In his farewell address, Van der Poel said he considered his mission accomplished. In introducing his successor, he said that Saleh was no novice when it comes to the administration of law.

“From the autonomy of this Joint Court in 2010 she has been a member of the Board and for many years the substitute President. She has been at the basis of the founding of this organization and has gone through all the phases of changes this Joint Court underwent. There could not have been a better possible time of preparation for her new function,” he said.

He also referred to the new President’s own statements: “It’s now my time and I am ready for it,” but also: “I fancy this new job.”

Her predecessor called Saleh a “strong woman, who stands tall in this community and also enjoys the good things in life.”

Saleh was born in the heart of the Netherlands, in Utrecht. She went to Radulphus College in Curaçao, and studied law at the oldest University of the Netherlands, in Leiden. From 1991 until 1996 she was a lawyer in Amsterdam and Curaçao. She became a judicial officer in training in 1996, and finished her training as a judge at the Amsterdam Court in 1999.

Since then she is a Judge at the Joint Court and since 2009 she was appointed Joint Court Vice-President in Curaçao and Bonaire.

Van der Poel said that during the past years Saleh had shown strong interest in the Joint Court organization. “She has a good track record and has the support of the organization,” he said.

In looking back on his years as Joint Court President, Van der Poel said the Joint Court is now financially sound and capable to meet the demands.

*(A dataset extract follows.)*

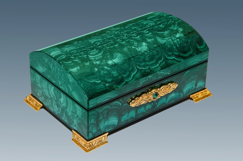 Каждый деталь в этом сундучке отмечена великолепием природного камня – неповторимым малахитом! Богатый зеленый оттенок этого минерала в сочетании с позолоченной бронзой создает атмосферу настоящей роскоши. |
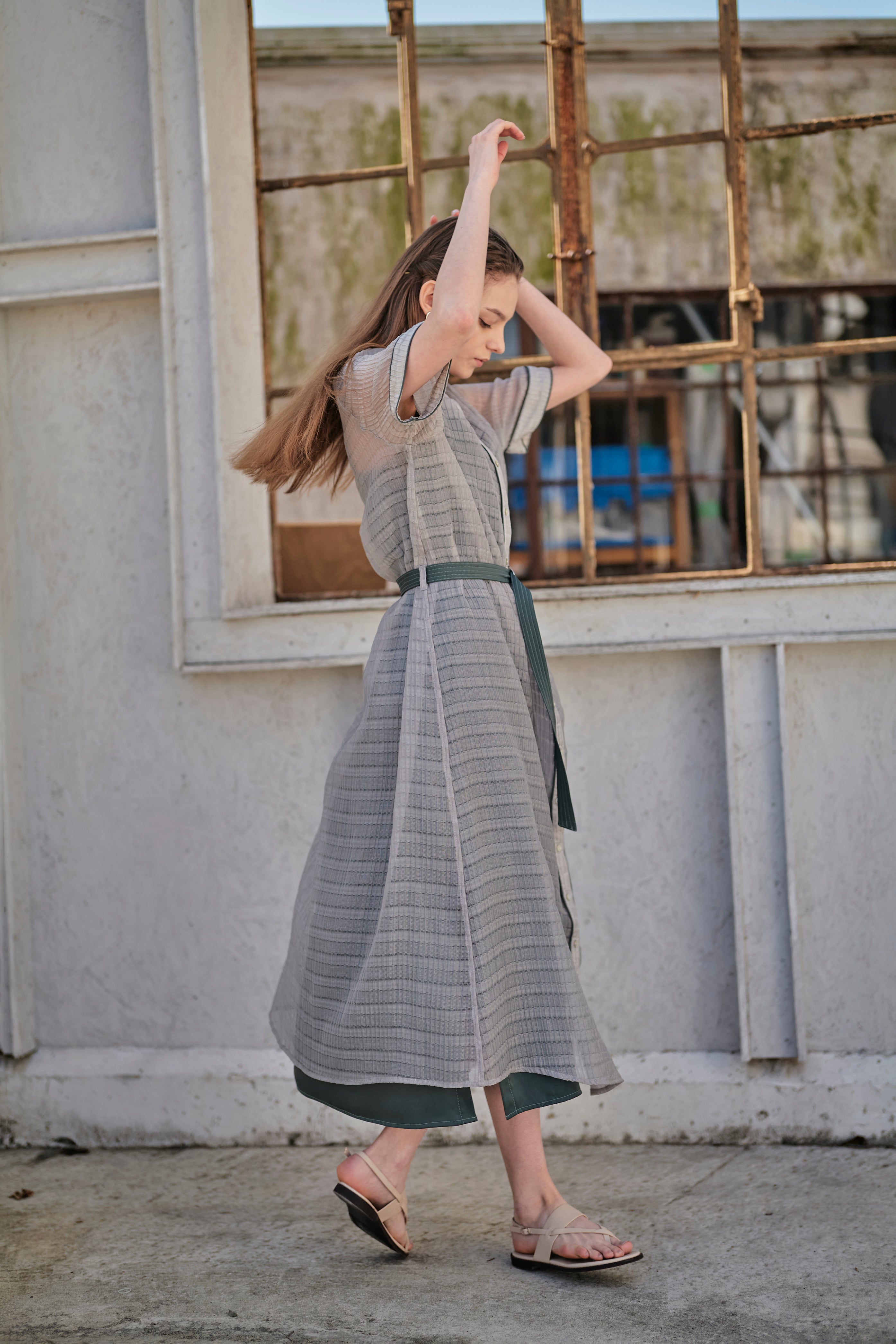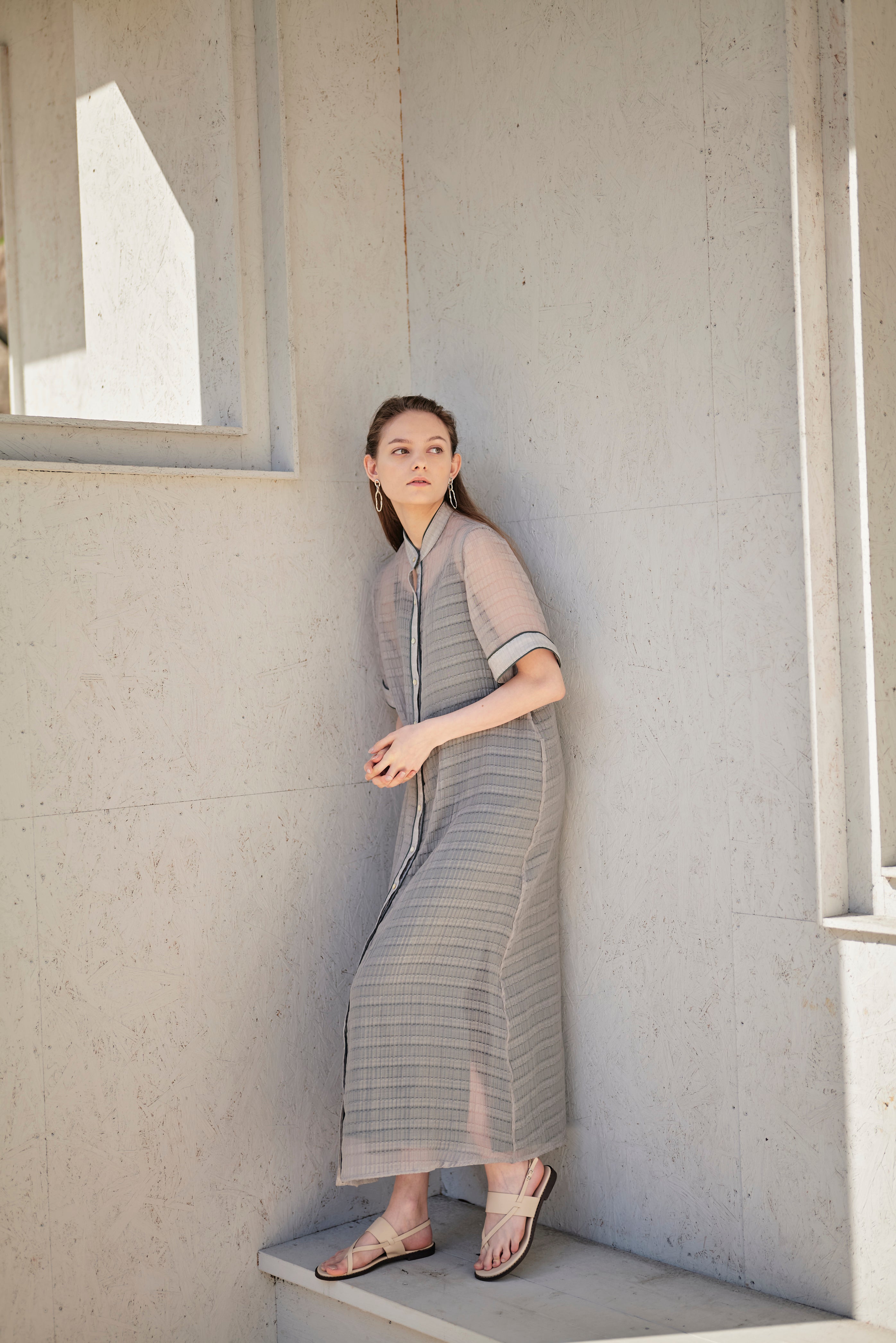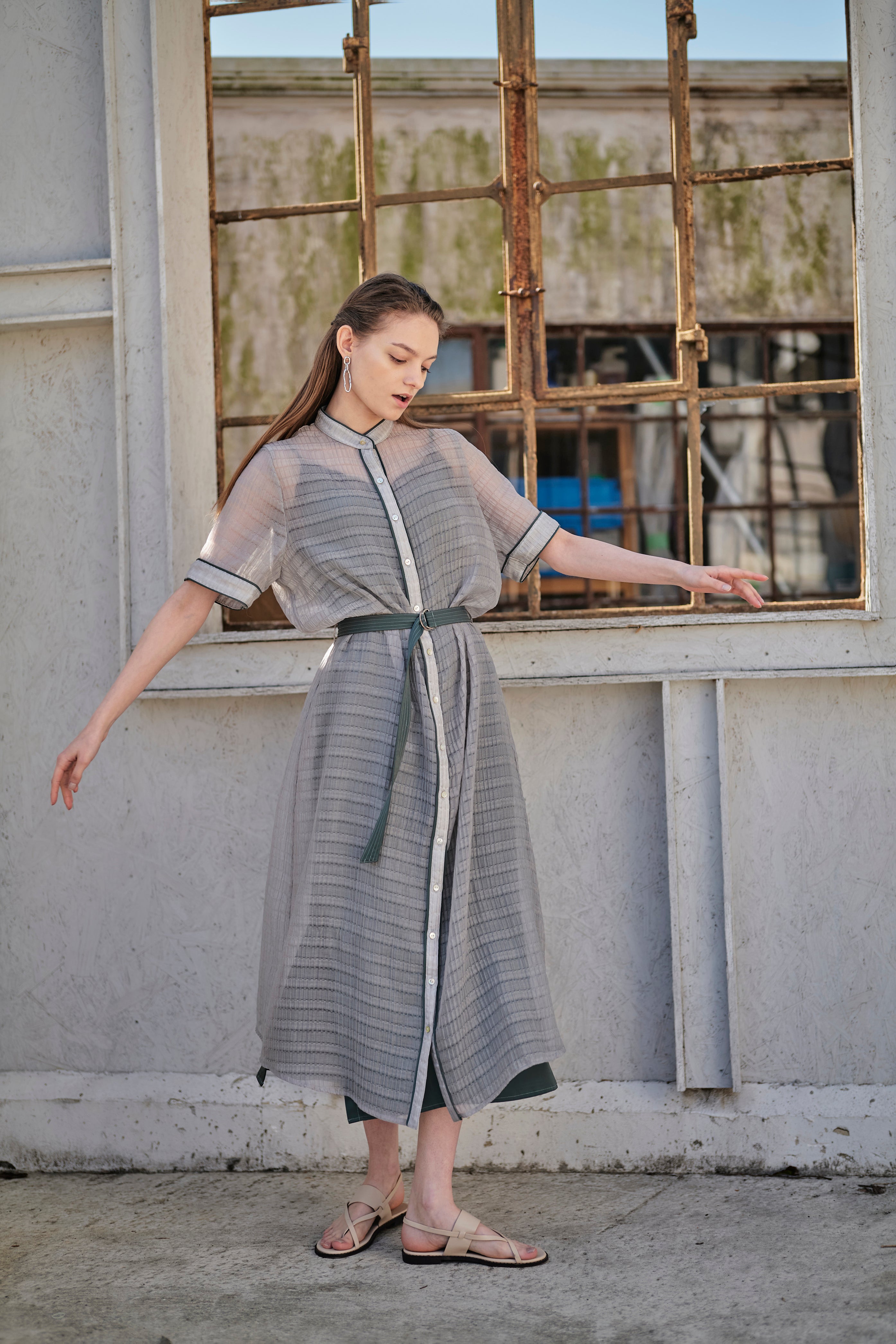 - ATTACHED COLLAR SHIRT DRESS

“Training for Judges and employees received new impetus through the collaboration with the Training Institute for the Judiciary in the Netherlands. ‘Caribbeanizing’ has gradually gained more interest and contents. The orientation in the region is part of it. The ties with the Council of State, the High Court and the Courts of Appeals in the Netherlands, our highest Judges in the different Dutch jurisdictions, have been strengthened and the Joint Court experiences a lot of support and substantive feedback from this mutual cooperation,” he said.

After 15 years, having been leading two courts,– a Court of Appeals in the Netherlands and the Joint Court in succession –, Van der Poel decided to again occupy himself exclusively with the administration of justice. “This gives a lot of satisfaction because it is a profession that offers inconceivable satisfaction.”